-- DIRECTIONS --
Lower down are entries containing pictures. Copy exactly, without those pictures, the lines from the line with "Kentia palm inclusief" through the line with "在交流分享环节,毕业生代表,即将赴美国圣".

-- DATA TO USE --
[Start of Attachment]

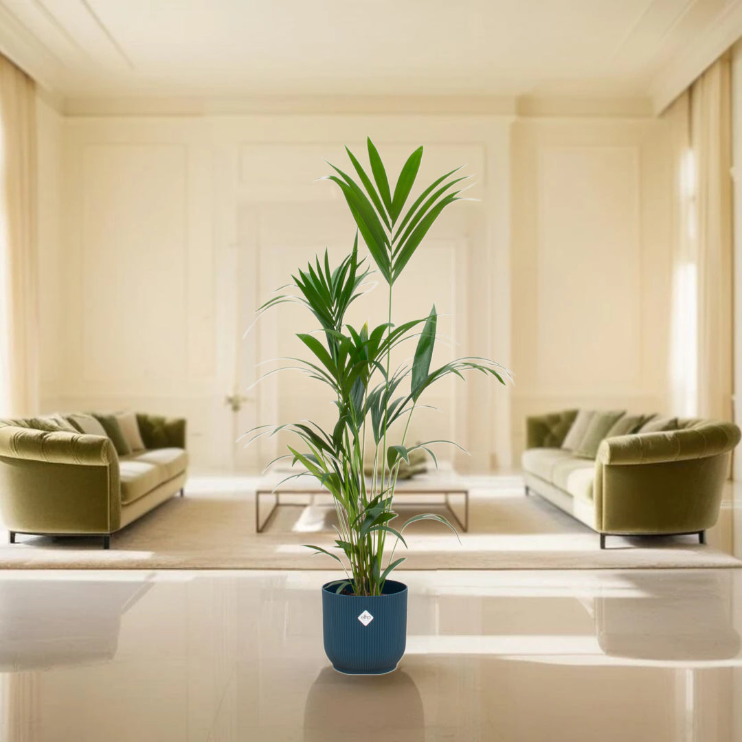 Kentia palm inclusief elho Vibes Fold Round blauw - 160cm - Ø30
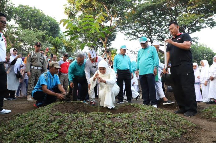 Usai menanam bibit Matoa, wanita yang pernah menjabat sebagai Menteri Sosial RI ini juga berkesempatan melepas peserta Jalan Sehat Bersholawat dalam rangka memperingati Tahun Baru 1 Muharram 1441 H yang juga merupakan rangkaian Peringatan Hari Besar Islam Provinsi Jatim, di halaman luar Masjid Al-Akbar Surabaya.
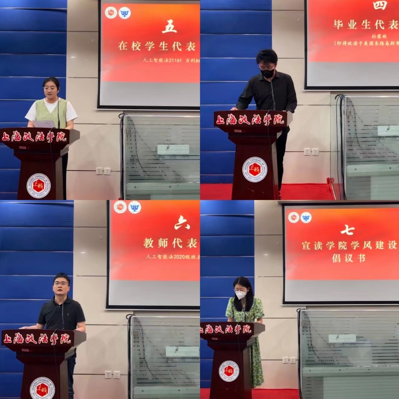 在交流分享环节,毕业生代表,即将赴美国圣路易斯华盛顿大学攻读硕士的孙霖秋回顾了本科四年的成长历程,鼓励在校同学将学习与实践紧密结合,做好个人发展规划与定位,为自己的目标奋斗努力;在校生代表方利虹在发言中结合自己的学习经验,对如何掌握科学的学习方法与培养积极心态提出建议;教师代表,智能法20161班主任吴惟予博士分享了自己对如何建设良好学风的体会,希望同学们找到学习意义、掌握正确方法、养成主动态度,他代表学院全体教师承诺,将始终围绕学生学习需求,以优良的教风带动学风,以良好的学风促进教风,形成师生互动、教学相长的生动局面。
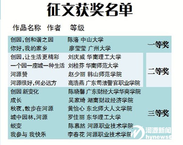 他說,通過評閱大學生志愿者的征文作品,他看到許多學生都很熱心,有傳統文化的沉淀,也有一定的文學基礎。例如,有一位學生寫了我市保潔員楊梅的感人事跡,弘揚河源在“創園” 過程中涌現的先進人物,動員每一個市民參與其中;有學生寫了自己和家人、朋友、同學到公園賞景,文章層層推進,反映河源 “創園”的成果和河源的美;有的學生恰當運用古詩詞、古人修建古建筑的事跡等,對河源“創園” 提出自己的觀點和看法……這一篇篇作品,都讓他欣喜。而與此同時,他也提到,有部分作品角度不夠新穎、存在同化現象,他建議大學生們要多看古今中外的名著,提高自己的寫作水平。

[End of Attachment]
[Start of Attachment]

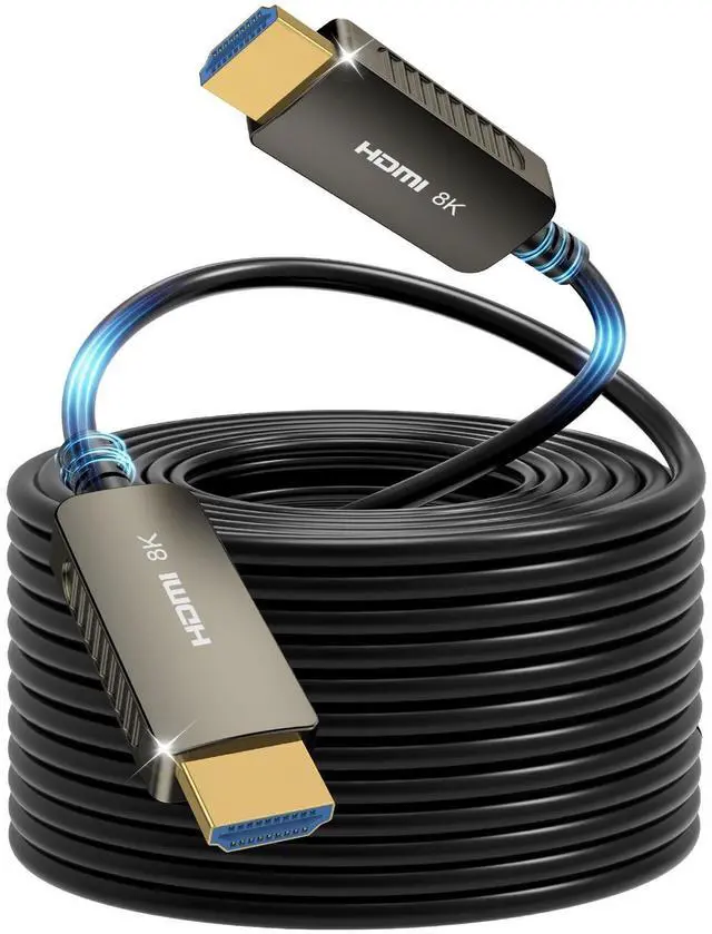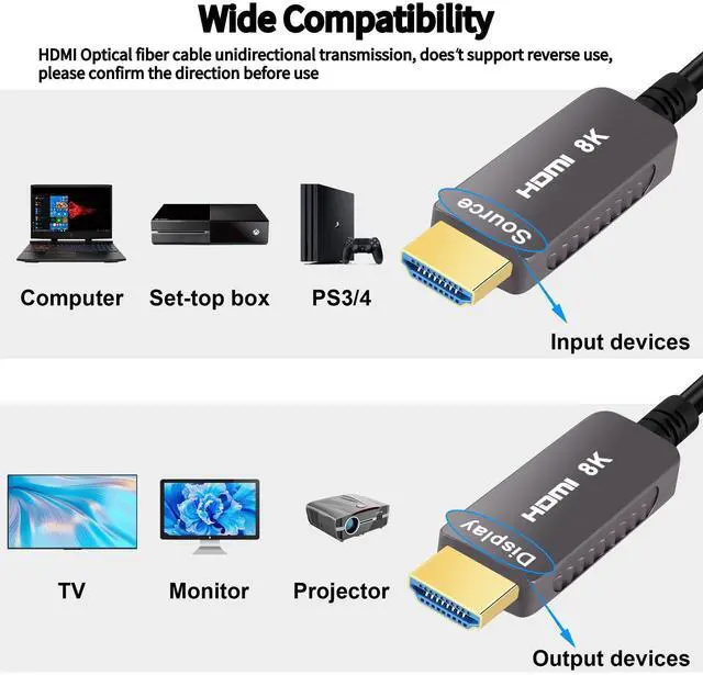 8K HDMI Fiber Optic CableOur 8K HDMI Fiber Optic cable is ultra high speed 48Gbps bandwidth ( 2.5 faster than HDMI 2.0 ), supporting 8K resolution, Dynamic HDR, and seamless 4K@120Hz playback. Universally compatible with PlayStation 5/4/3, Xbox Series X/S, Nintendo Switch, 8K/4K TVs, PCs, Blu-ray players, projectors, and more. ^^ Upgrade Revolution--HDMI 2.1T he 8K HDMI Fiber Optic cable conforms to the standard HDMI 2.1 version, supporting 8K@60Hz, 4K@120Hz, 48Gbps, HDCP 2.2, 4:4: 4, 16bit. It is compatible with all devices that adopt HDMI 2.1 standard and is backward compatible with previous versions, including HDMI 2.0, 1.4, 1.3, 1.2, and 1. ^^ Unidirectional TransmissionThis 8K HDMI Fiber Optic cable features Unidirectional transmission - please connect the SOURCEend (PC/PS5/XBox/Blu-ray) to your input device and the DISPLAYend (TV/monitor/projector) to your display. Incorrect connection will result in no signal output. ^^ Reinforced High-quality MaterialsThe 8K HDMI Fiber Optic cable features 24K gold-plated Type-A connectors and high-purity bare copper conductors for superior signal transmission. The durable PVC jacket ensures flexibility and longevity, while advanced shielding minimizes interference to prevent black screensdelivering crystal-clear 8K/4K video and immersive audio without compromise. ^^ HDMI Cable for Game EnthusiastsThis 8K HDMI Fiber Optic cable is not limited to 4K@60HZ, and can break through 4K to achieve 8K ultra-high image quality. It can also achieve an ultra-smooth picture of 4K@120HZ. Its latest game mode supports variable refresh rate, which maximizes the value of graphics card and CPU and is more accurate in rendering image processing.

[End of Attachment]

-- WRITTEN ANSWER --
 Kentia palm inclusief elho Vibes Fold Round blauw - 160cm - Ø30
 Usai menanam bibit Matoa, wanita yang pernah menjabat sebagai Menteri Sosial RI ini juga berkesempatan melepas peserta Jalan Sehat Bersholawat dalam rangka memperingati Tahun Baru 1 Muharram 1441 H yang juga merupakan rangkaian Peringatan Hari Besar Islam Provinsi Jatim, di halaman luar Masjid Al-Akbar Surabaya.
 在交流分享环节,毕业生代表,即将赴美国圣路易斯华盛顿大学攻读硕士的孙霖秋回顾了本科四年的成长历程,鼓励在校同学将学习与实践紧密结合,做好个人发展规划与定位,为自己的目标奋斗努力;在校生代表方利虹在发言中结合自己的学习经验,对如何掌握科学的学习方法与培养积极心态提出建议;教师代表,智能法20161班主任吴惟予博士分享了自己对如何建设良好学风的体会,希望同学们找到学习意义、掌握正确方法、养成主动态度,他代表学院全体教师承诺,将始终围绕学生学习需求,以优良的教风带动学风,以良好的学风促进教风,形成师生互动、教学相长的生动局面。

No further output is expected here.